Re: 回复:Re: Build SPARK from source with SBT failed

2023-03-07 Thread Sean Owen
No, it's that JAVA_HOME wasn't set to .../Home. It is simply not finding
javac, in the error. Zulu supports M1.

On Tue, Mar 7, 2023 at 9:05 AM Artemis User  wrote:

> Looks like Maven build did find the javac, just can't run it.  So it's not
> a path problem but a compatibility problem.  Are you doing this on a Mac
> with M1/M2?  I don't think that Zulu JDK supports Apple silicon.   Your
> best option would be to use homebrew to install the dev tools (including
> OpenJDK) on Mac.  On Ubuntu, it seems still the compatibility problem.  Try
> to use the apt to install your dev tools, don't do it manually.  If you
> manually install JDK, it doesn't install hardware-optimized JVM libraries.
>
> On 3/7/23 8:21 AM, ckgppl_...@sina.cn wrote:
>
> No. I haven't installed Apple Developer Tools. I have installed Zulu
> OpenJDK 11.0.17 manually.
> So I need to install Apple Developer Tools?
> - 原始邮件 -
> 发件人:Sean Owen  
> 收件人:ckgppl_...@sina.cn
> 抄送人:user  
> 主题:Re: Build SPARK from source with SBT failed
> 日期:2023年03月07日 20点58分
>
> This says you don't have the java compiler installed. Did you install the
> Apple Developer Tools package?
>
> On Tue, Mar 7, 2023 at 1:42 AM  wrote:
>
> Hello,
>
> I have tried to build SPARK source codes with SBT in my local dev
> environment (MacOS 13.2.1).

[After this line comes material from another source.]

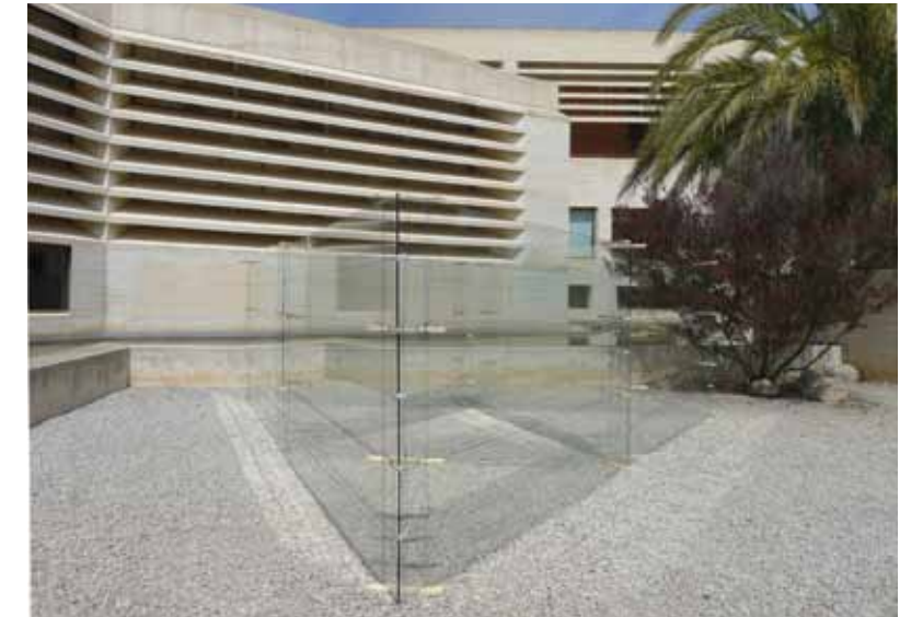
triangle in sculpture garden

But it reported following error:
> [error] java.io.IOException: Cannot run program
> "/Library/Java/JavaVirtualMachines/zulu-11.jdk/Contents/bin/javac" (in
> directory "/Users/username/spark-remotemaster"): error=2, No such file or
> directory
>
> [error] at
> java.base/java.lang.ProcessBuilder.start(ProcessBuilder.java:1128)
>
> [error] at
> java.base/java.lang.ProcessBuilder.start(ProcessBuilder.java:1071)
>
> [error] at
> scala.sys.process.ProcessBuilderImpl$Simple.run(ProcessBuilderImpl.scala:75)
> [error] at
> scala.sys.process.ProcessBuilderImpl$AbstractBuilder.run(ProcessBuilderImpl.scala:106)
>
> I need to export JAVA_HOME to let it run successfully. But if I use maven
> then I don't need to export JAVA_HOME. I have also tried to build SPARK
> with SBT in Ubuntu X86_64 environment. It reported similar error.
>
> The official SPARK
> documentation  haven't mentioned export JAVA_HOME operation. So I think
> this is a bug which needs documentation or scripts change. Please correct
> me if I am wrong.
>
> Thanks
>
> Liang
>
>
>


Re: 回复:Re: Build SPARK from source with SBT failed

2023-03-07 Thread Artemis User
Looks like Maven build did find the javac, just can't run it.  So it's 
not a path problem but a compatibility problem.  Are you doing this on a 
Mac with M1/M2?  I don't think that Zulu JDK supports Apple silicon.   
Your best option would be to use homebrew to install the dev tools 
(including OpenJDK) on Mac.  On Ubuntu, it seems still the compatibility 
problem.  Try to use the apt to install your dev tools, don't do it 
manually.  If you manually install JDK, it doesn't install 
hardware-optimized JVM libraries.


On 3/7/23 8:21 AM, ckgppl_...@sina.cn wrote:
No. I haven't installed Apple Developer Tools. I have installed Zulu 
OpenJDK 11.0.17 manually.

So I need to install Apple Developer Tools?
- 原始邮件 -
发件人:Sean Owen 
收件人:ckgppl_...@sina.cn
抄送人:user 
主题:Re: Build SPARK from source with SBT failed
日期:2023年03月07日 20点58分

This says you don't have the java compiler installed. Did you install 
the Apple Developer Tools package?


On Tue, Mar 7, 2023 at 1:42 AM  wrote:

Hello,

I have tried to build SPARK source codes with SBT in my local dev
environment (MacOS 13.2.1). But it reported following error:
[error] java.io.IOException: Cannot run program
"/Library/Java/JavaVirtualMachines/zulu-11.jdk/Contents/bin/javac"
(in directory "/Users/username/spark-remotemaster"): error=2, No
such file or directory

[error] at
java.base/java.lang.ProcessBuilder.start(ProcessBuilder.java:1128)

[error] at
java.base/java.lang.ProcessBuilder.start(ProcessBuilder.java:1071)

[error] at
scala.sys.process.ProcessBuilderImpl$Simple.run(ProcessBuilderImpl.scala:75)

[error] at

scala.sys.process.ProcessBuilderImpl$AbstractBuilder.run(ProcessBuilderImpl.scala:106)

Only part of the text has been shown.